Assessment of the total death toll is difficult. Much of the documentation was destroyed by the Italian colonial authorities, the archives remain difficult to search, and news of the atrocities was suppressed. Varying estimations of the Libyan population are also a problem; the Ottoman census of 1911, which reports populations of roughly 200,000 in Cyrenaica, (Note: Other estimates of the Cyrenaican population in 1911 put it higher, at 250,000.) and 576,000 in Tripolitania and Fezzan, did not include many people outside of the towns and cities, as resources and political control were lacking. Numbers given for the total Libyan population in 1911, just prior to the Italo-Turkish War, range between 800,000, 1.0 million, and 1.5 million. (Note: This highest figure of 1.5 million has been criticised as "simply wrong".) At the start of the "pacification" campaign in 1929, the Cyrenaican population was estimated at 225,000, and by the end had decreased to 142,000. By the mid-late 1930s, the population of Libya was estimated at between 700,000 and 888,400, which included an increasing number of Italian settlers—64,000 by 1936 and 110,000 by 1940.

Many Libyans also went into exile, further contributing to the significant decline in population, estimated to be at least 20,000. Historian Ali Abdullatif Ahmida writes that some 250,000 Libyans left the country during the entire period from the start of the Italo-Turkish war in 1911 to the end of Italian governance in 1943, following the success of the Western Desert campaign.

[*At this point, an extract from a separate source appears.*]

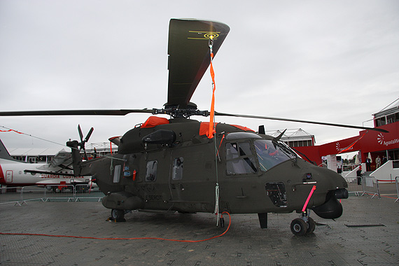純軍用型筆者在現(xiàn)場只看到了一架丹麥陸軍最新購買的EH-101 Mk512默林直升機。該機的機鼻向上方翹著,看起來很可愛。

The Bedouin population of Libya was reduced by half, with around 100,000 dead or in exile, though Ilan Pappé suggests that this 100,000 was killed either directly or in the camps.

After coming to power in Libya in 1969, Muammar Gaddafi frequently claimed that half of Libya's total population had died during Italian colonialism, up 750,000 Libyans, though this is without evidence. During the Allied administration of Libya prior to independence, the United Nations estimated that 250,000 to 300,000 Libyan natives died under the Italians between 1912 and 1942 from all non-natural causes (e.g. combat, execution, disease, famine, and thirst). Ali Abdullatif Ahmida suggests this figure is higher, at 500,000.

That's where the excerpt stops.